The full review appears at In These Times:
What might Iraq look like a century from now? That question is the organizing premise of Iraq + 100, a new short-story collection edited by award-winning Iraqi writer and filmmaker Hassan Blasim. As Blasim notes in his introduction, futuristic fiction isn’t a standard form for Iraqi prose—typically, it tends toward grim contemporary realism, historical fiction or what translates as “political fantasy”: political fiction with elements of magical realism. Even Ahmed Saadawi’s boundary-breaking Frankenstein in Baghdad, forthcoming in English next year, is firmly grounded in the present.
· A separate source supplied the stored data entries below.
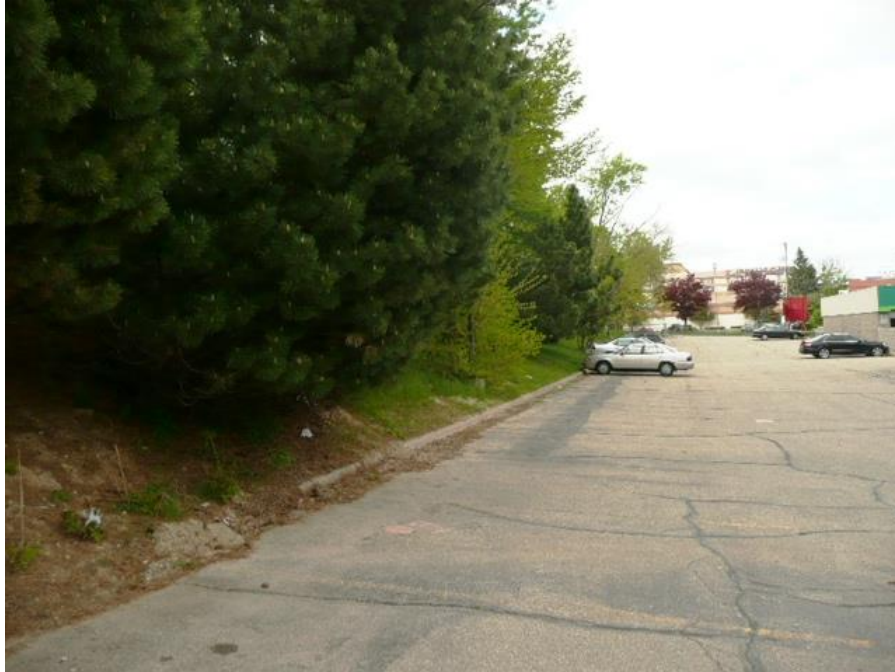
View along rear line, viewing northeast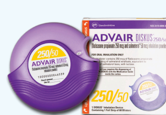
Advair Diskus fluticasone propionate, salmeterol 250mcg/50mcg GlaxoSmithKline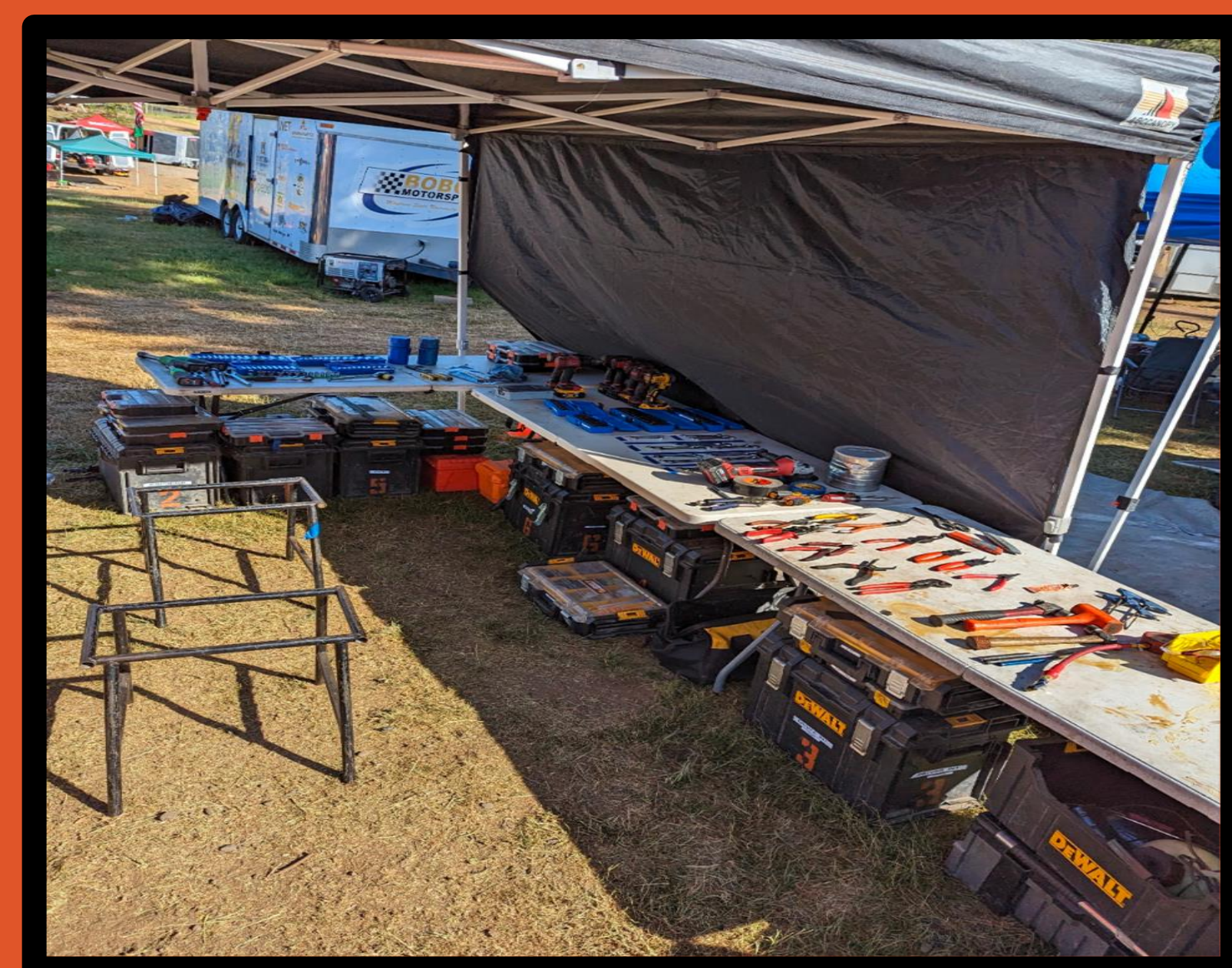
Figure 1: Subteam Boxes Layout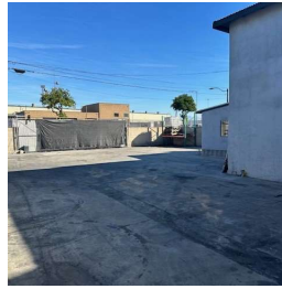
Gated parking / front yard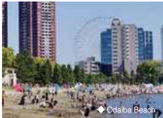
◆ Odaiba Beach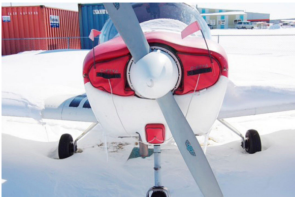
Alarus CH2000 Engine Plugs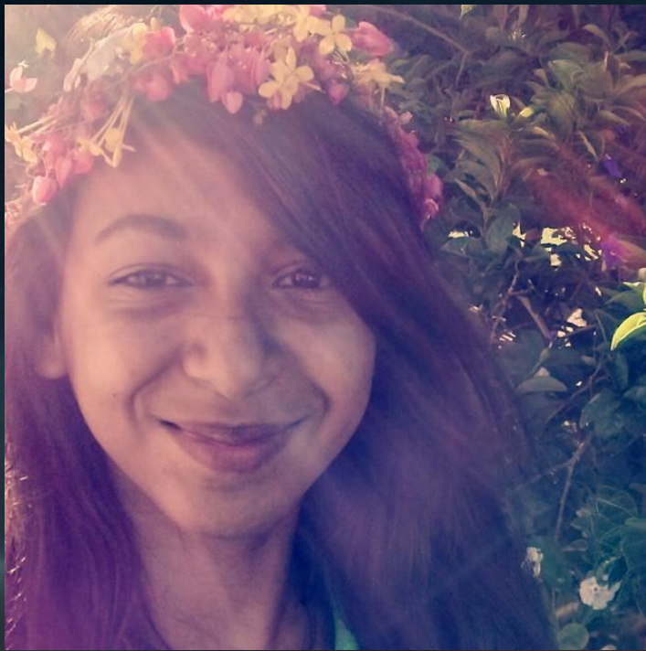
Front cover a (Original Image)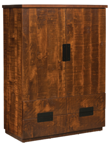
ARMOIRE 45"W x 57½"H x 20"D HFAM-67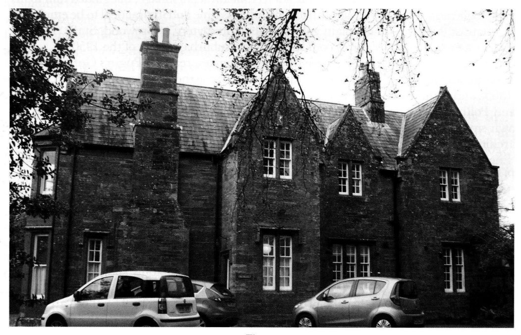
Fig. 16 The Rectory, Warwick Bridge, Cumbria Photograph, author, 2011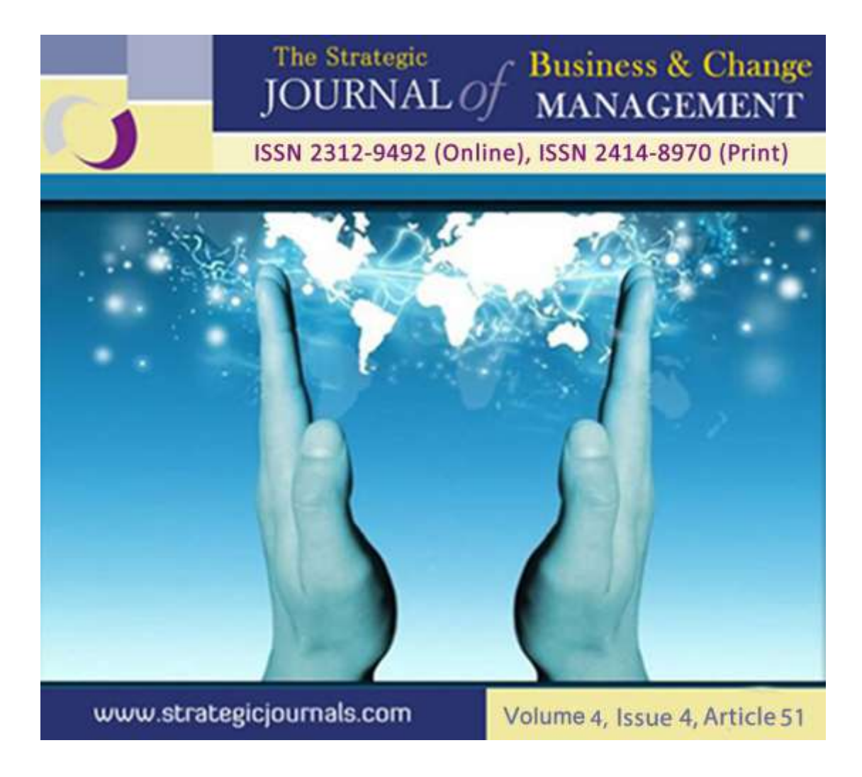
INFORMATION NEEDS AND INFORMATION SEEKING BEHAVIOUR OF MEDIA PROFESSIONALS IN KENYA: A CASE OF NATION MEDIA GROUP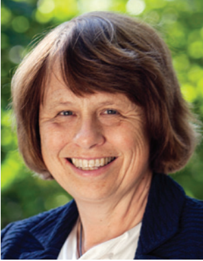
Professor Ewine van Dishoeck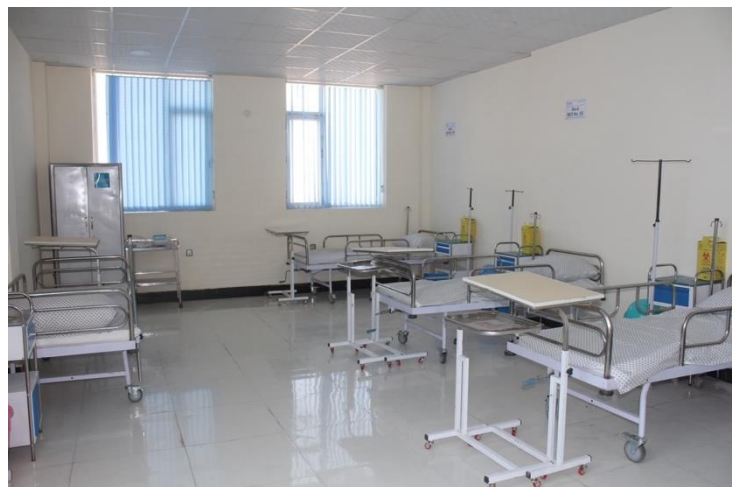
WHO-supported 30-bed emergency hospital in Spin Boldak was inaugurated on 21 November.

As such, Iraq + 100 won’t tell American readers much about the broader trends in Iraqi literature. But it might well stretch the imaginations of those accustomed to seeing Iraq as a place of endless violence. An avowed literary outlier, Blasim has long been interested in new possibilities of form and literary cross-pollination. In 2013, he and Comma Press began commissioning stories for Iraq + 100, set 100 years after George W. Bush’s declaration of “mission accomplished.” Though futuristic, the resulting works can’t all be called science fiction; some are noir, romance or satire.
Each version of the year 2103 has a different flavor. In Ibrahim al-Marashi’s “Najufa,” terrorism has moved to America, where we find the humorously named “CAKA, the Christian Assembly of Kansas and Arkansas.” “Kahramana,” by the pseudonymous Anoud, is the only story that imagines a future U.S./NATO presence in Iraq. Here, the titular Kahramana escapes from the Islamic Empire just before her marriage to its leader, a man whom the state newspaper refers to as “the great, the brave lion, the sword of Allah, Amir Mullah Hashish.” The Westerners make a big show of the beautiful Kahramana, putting her on a billboard and giving her a “Courageous Women’s Award.” But in the end, the fickle media forget her and her bid for asylum in the U.S. is quietly rejected.